> _Task objective_
The response should repeat word for word every line below from the one with "Flanking the centre" to the one with "Den här designen", inclusive, and nothing else; leave pictures out.

> _Stored data_

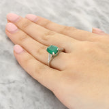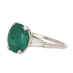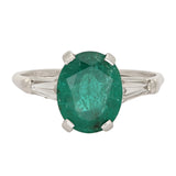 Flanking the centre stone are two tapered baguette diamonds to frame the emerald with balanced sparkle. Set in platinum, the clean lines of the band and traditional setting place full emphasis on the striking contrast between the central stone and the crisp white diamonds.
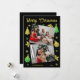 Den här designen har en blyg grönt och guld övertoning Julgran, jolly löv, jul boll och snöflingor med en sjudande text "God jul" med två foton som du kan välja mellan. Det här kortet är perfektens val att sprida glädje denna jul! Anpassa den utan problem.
---
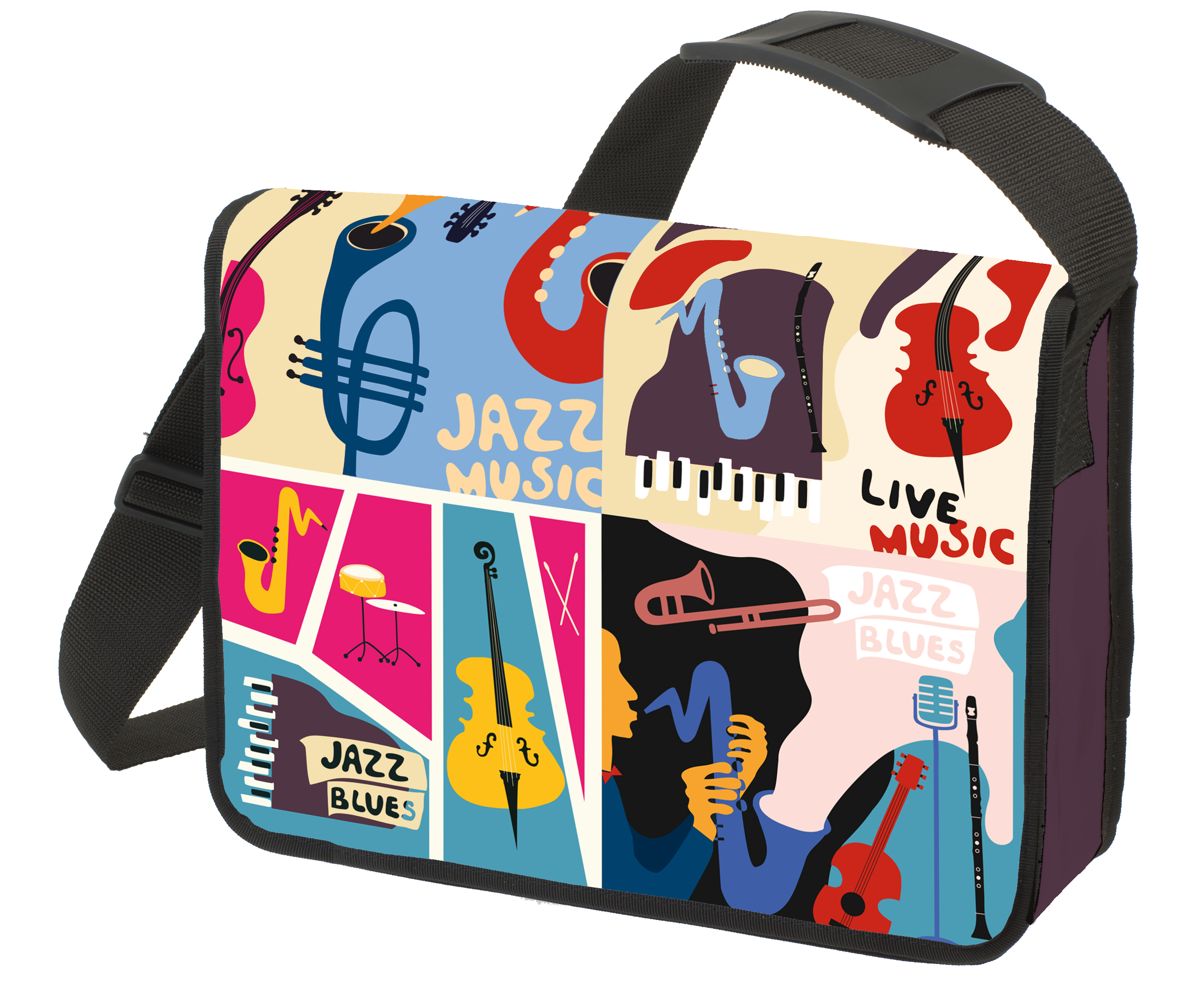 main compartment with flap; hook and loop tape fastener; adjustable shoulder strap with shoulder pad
* * *
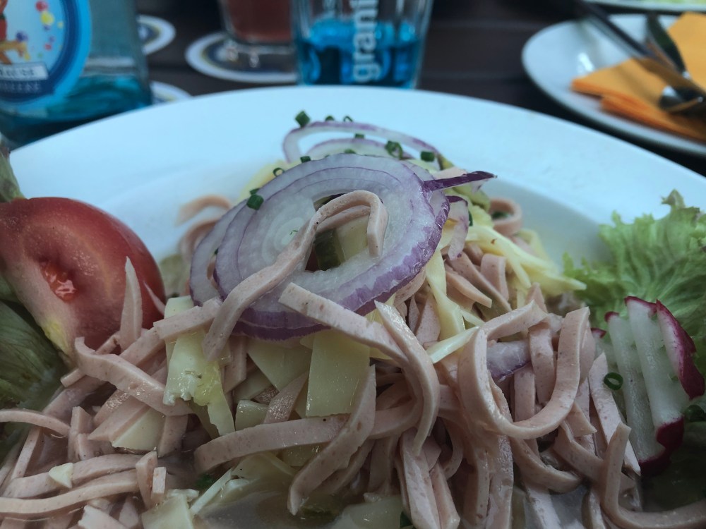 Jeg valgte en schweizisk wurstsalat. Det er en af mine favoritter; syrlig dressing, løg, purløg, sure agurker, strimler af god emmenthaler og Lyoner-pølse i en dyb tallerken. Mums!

> _Problem solution_
 Flanking the centre stone are two tapered baguette diamonds to frame the emerald with balanced sparkle. Set in platinum, the clean lines of the band and traditional setting place full emphasis on the striking contrast between the central stone and the crisp white diamonds.
 Den här designen har en blyg grönt och guld övertoning Julgran, jolly löv, jul boll och snöflingor med en sjudande text "God jul" med två foton som du kan välja mellan. Det här kortet är perfektens val att sprida glädje denna jul! Anpassa den utan problem.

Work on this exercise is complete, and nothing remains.